Despite the headwinds, the stock is trading at 20.2 times forward earnings, its lowest multiple since late 2016, according to Koyfin data via Stocktwits. Of 56 analysts covering the stock, 53 rate it as a Buy or better. Seeking Alpha contributor Andres Veurink issued a Strong Buy rating on June 24, noting shares are 20% to 25% below five-year valuation averages. Vandita Jadeja of 24/7 Wall St. projects a 33.24% upside to $489.45 over the next 12 months, though she cautions that the company's $37 billion AI run rate and $30.88 billion quarterly capex are significant considerations.

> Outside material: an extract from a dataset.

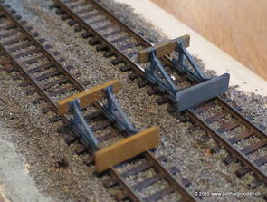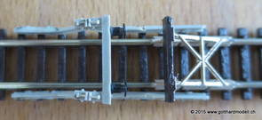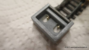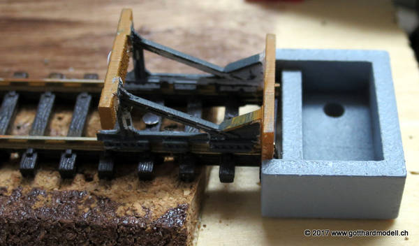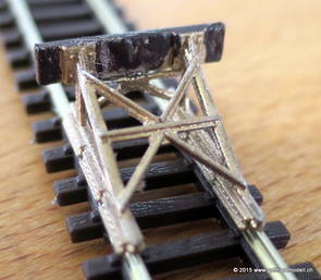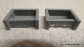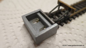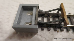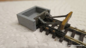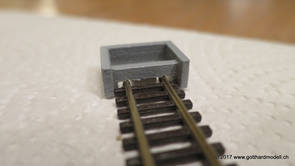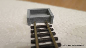 08/12/15 Und an der Gotthard-Nordrampe?Da soeben die beiden Abstellgleise 40+41 von Wassen in Betrieb gehen sollen stellt sich (wieder einmal) die Frage nach geeigneten Prellböcken. In Spur N gibt es die käuflich erwerbbaren von Minitrix, Fleischmann, Roco, Weinert u.v.m. Doch irgendwie stellen mich alle diese Modelle nicht zufrieden - sie erinnern mich zu sehr an die Deutsche Bahn und nicht an die SBB am Gotthard. Und so sehen die käuflich erwerbbaren Modelle aus - nicht wirklich das, was ich suche und mir auf der Anlage vorstellen kann: Selbstbau wäre auch ein Thema - das Problem ist das Trennen der Hassler-Profile, damit diese nicht zerdrückt werden und keine Gräte aufweisen - also habe ich nochmals im Internet gesucht und nach langem Suchen bei ShapeWays einen "echten" SBB-Prellbock gefunden - zwar in Spur 0 und H0, aber André Kunz ( 08/12/15 Version Gotthard I08/16/15 Version Gotthard II08/17/15 Version "Bülach"10/12/15 Version Gotthard II im Original10/13/15 Weitere Farbversionen10/17/15 Prellböcke in Wassen12/30/16 Das Haltezeichen |

Meanwhile, the broader AI investment cycle remains robust. Micron Technology (NASDAQ:MU) and Qualcomm (NASDAQ:QCOM) delivered upbeat forecasts, with Micron reporting $22 billion in chip commitments from customers and Qualcomm targeting $15 billion in data center revenue by 2029. Daniela Hathorn, senior market analyst at Capital.com, noted that Micron's results demonstrate the AI investment cycle remains firmly intact. This dynamic highlights a growing divergence between AI infrastructure suppliers, who are seeing immediate orders, and buyers like Microsoft, who are bearing the upfront costs.
For Microsoft shareholders, the key question remains: when will these massive investments begin to pay off? The company's Azure and cloud growth, combined with its AI revenue trajectory, suggest long-term potential, but the near-term burden of spending, leases, and regulatory uncertainty keeps the stock under pressure.